THE TASK: A faithful, picture-free copy of the listing below is required.

AVAILABLE DATA:

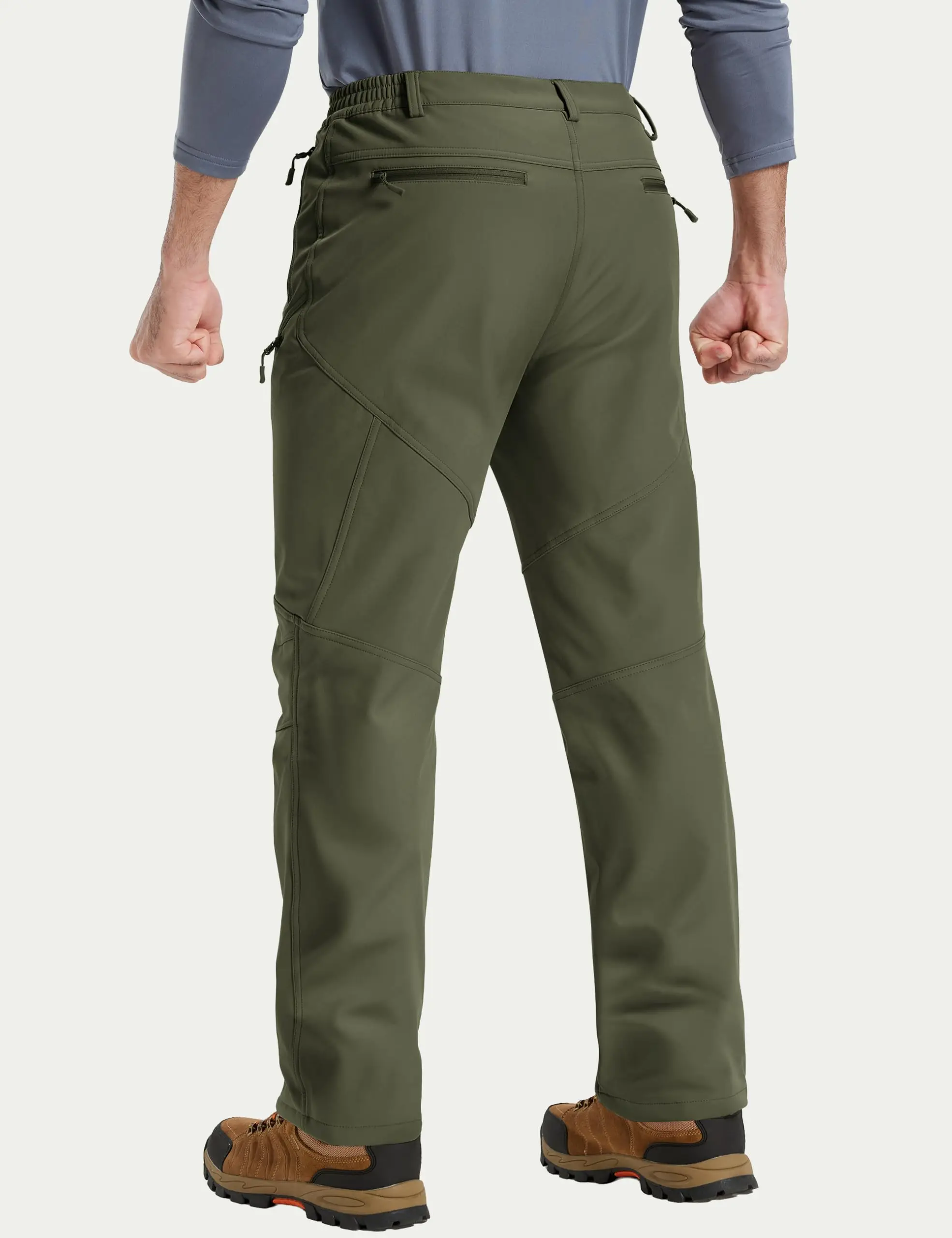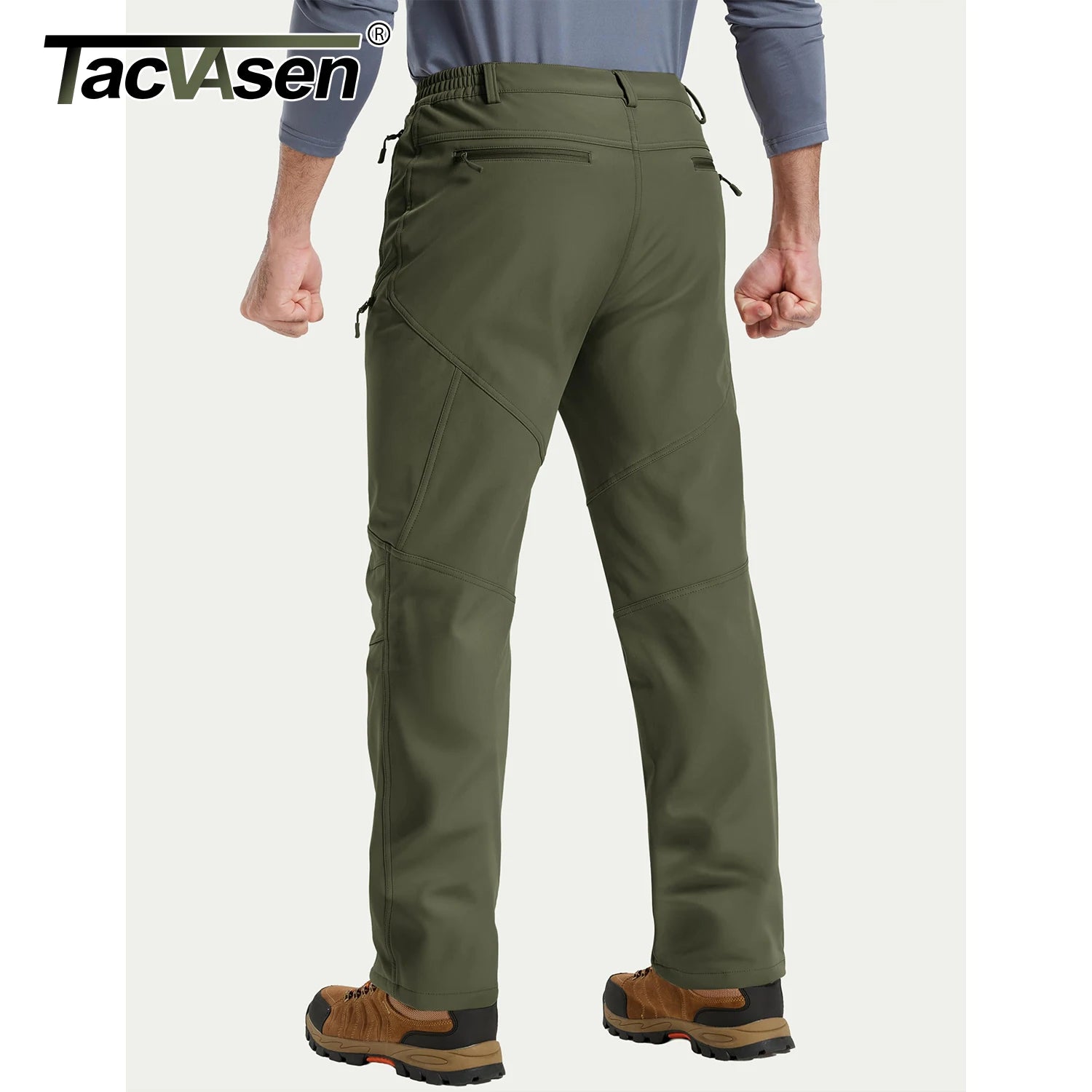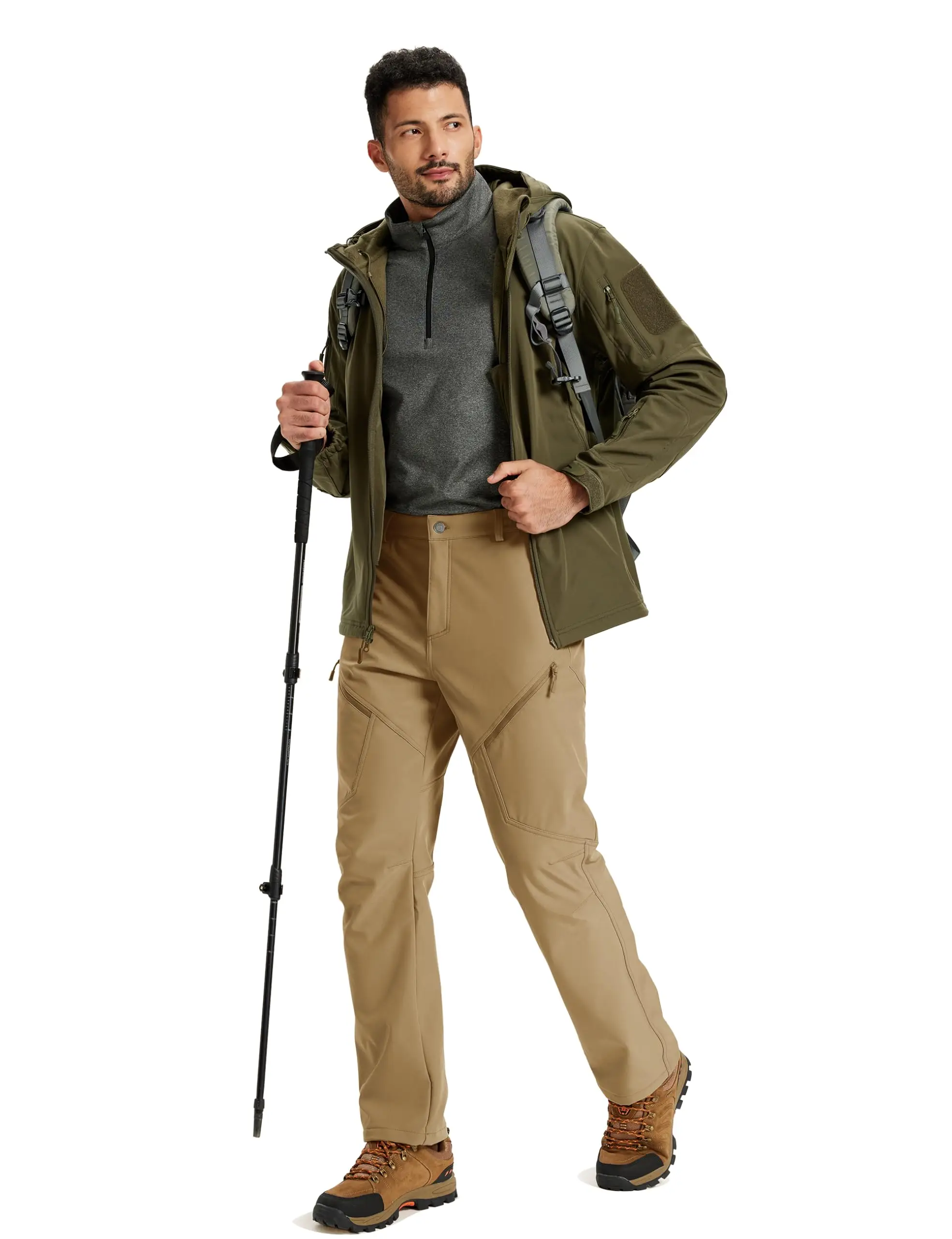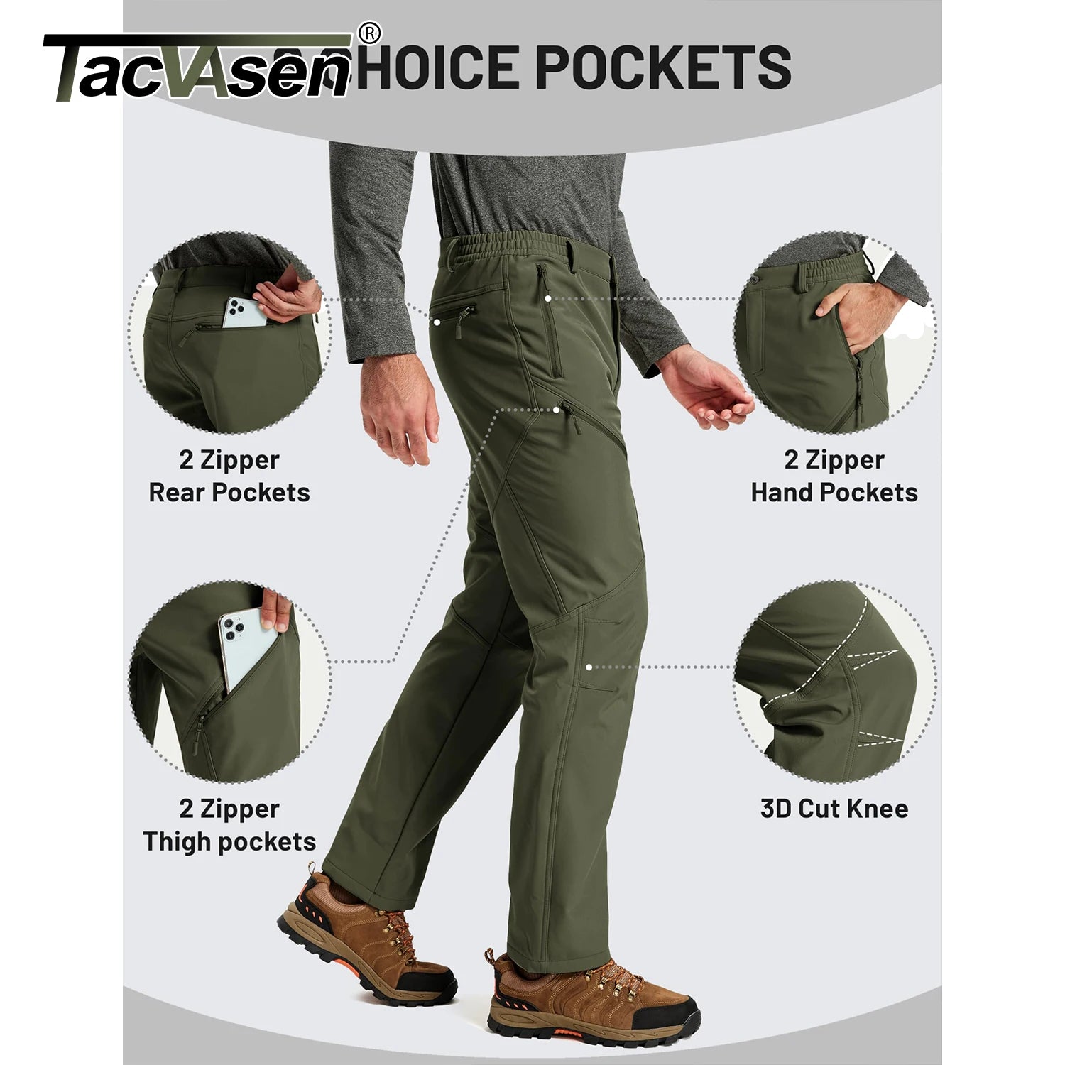 TACVASEN Men’s Fleece-Lined Waterproof Softshell Pants – Winter Hiking Snow Ski Cargo Trousers with 6 Zip Pockets
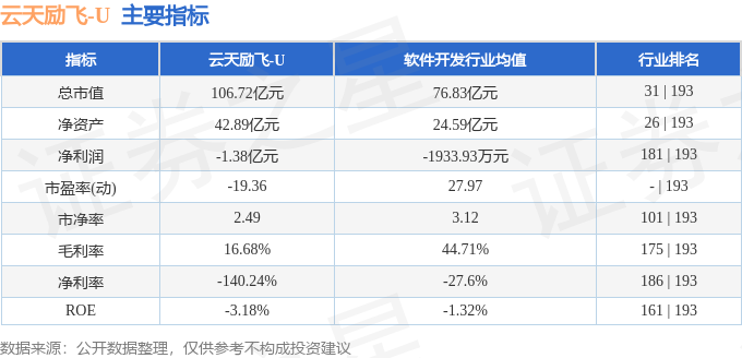 该股主要指标及行业内排名如下:
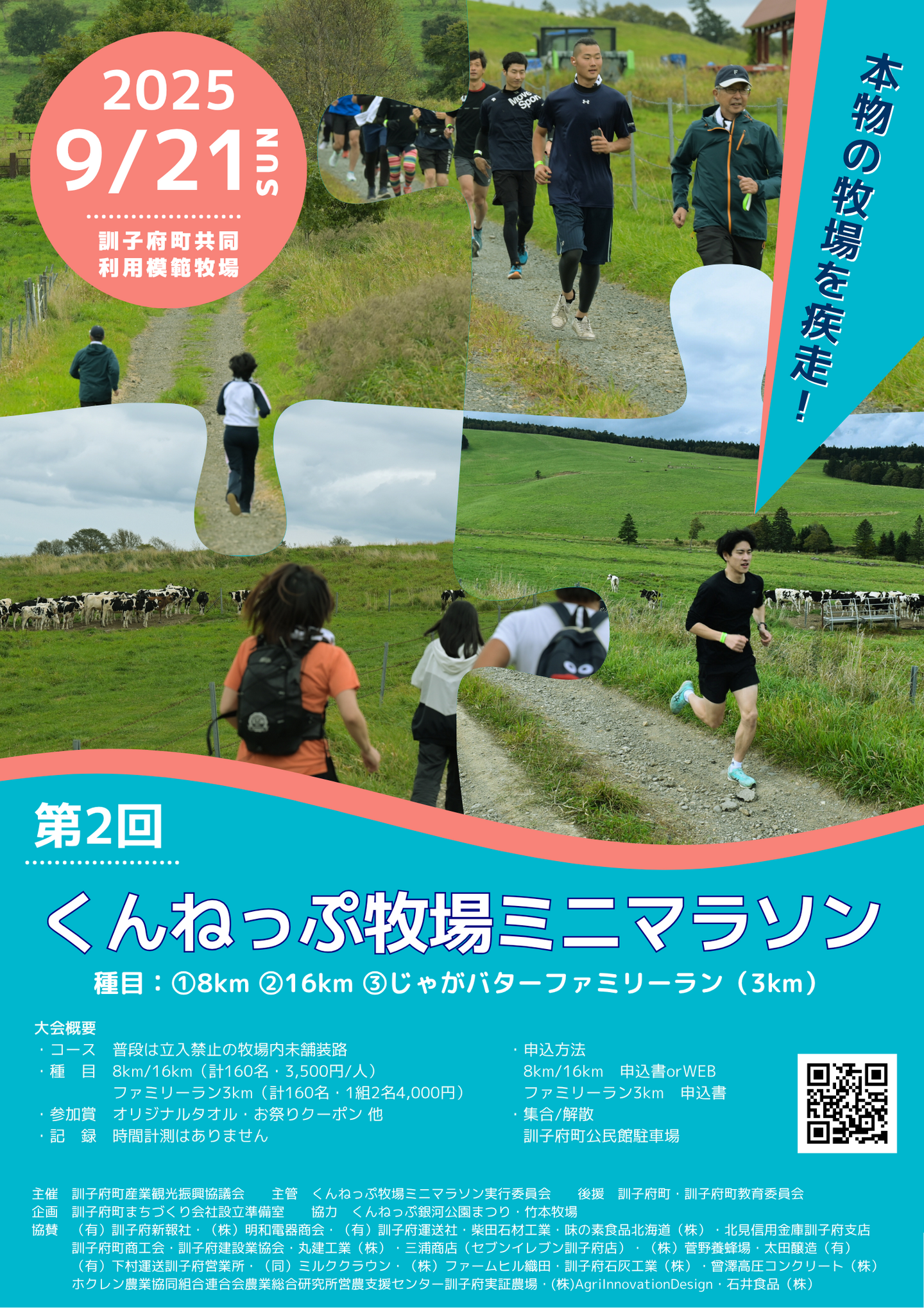 北海道オホーツクエリア・訓子府町で「第2回くんねっぷ牧場ミニマラソン」を2025年9月21日(日)に開催します。町が有する600haの広大な町営牧場「共同利用模範牧場」を舞台に、一般立入禁止の本物の牧場を走れる貴重な機会です。
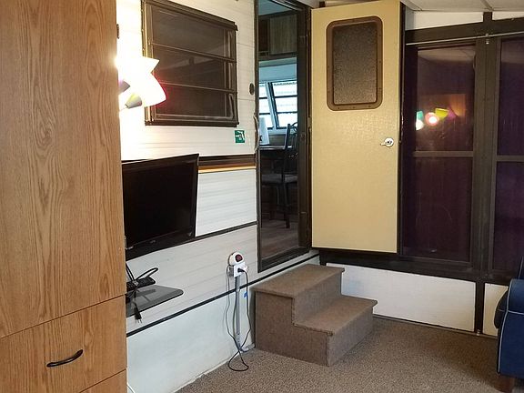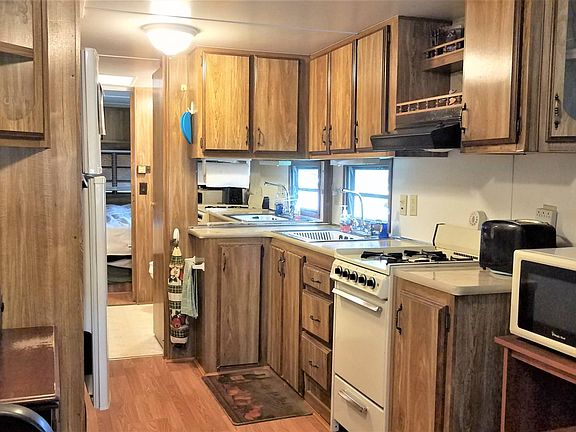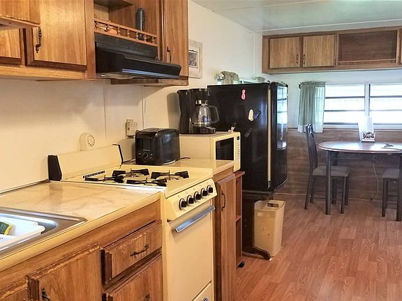 Located on leased land in 55+ community. 1 Bed, 1 Bath fully furnished home on beautifully landscaped great corner lot. Florida Room with vinyl windows, screens, carpet, window A/C units and extra bed. Main home has newer laminate throughout and LOTS of great storage, roomy bedroom with even more built-ins, newer water heater, Roof-Air, and a kitchen with a gas stove, full size refrigerator, and an extra small fridge. Extras on this home are an AMS Roof-over on the main home, steel roof on the Florida Room, back covered patio, and extra outdoor shed. DON'T MISS THIS GREAT DEAL!

ANSWER BOX:
 TACVASEN Men’s Fleece-Lined Waterproof Softshell Pants – Winter Hiking Snow Ski Cargo Trousers with 6 Zip Pockets
 该股主要指标及行业内排名如下:
 北海道オホーツクエリア・訓子府町で「第2回くんねっぷ牧場ミニマラソン」を2025年9月21日(日)に開催します。町が有する600haの広大な町営牧場「共同利用模範牧場」を舞台に、一般立入禁止の本物の牧場を走れる貴重な機会です。
 Located on leased land in 55+ community. 1 Bed, 1 Bath fully furnished home on beautifully landscaped great corner lot. Florida Room with vinyl windows, screens, carpet, window A/C units and extra bed. Main home has newer laminate throughout and LOTS of great storage, roomy bedroom with even more built-ins, newer water heater, Roof-Air, and a kitchen with a gas stove, full size refrigerator, and an extra small fridge. Extras on this home are an AMS Roof-over on the main home, steel roof on the Florida Room, back covered patio, and extra outdoor shed. DON'T MISS THIS GREAT DEAL!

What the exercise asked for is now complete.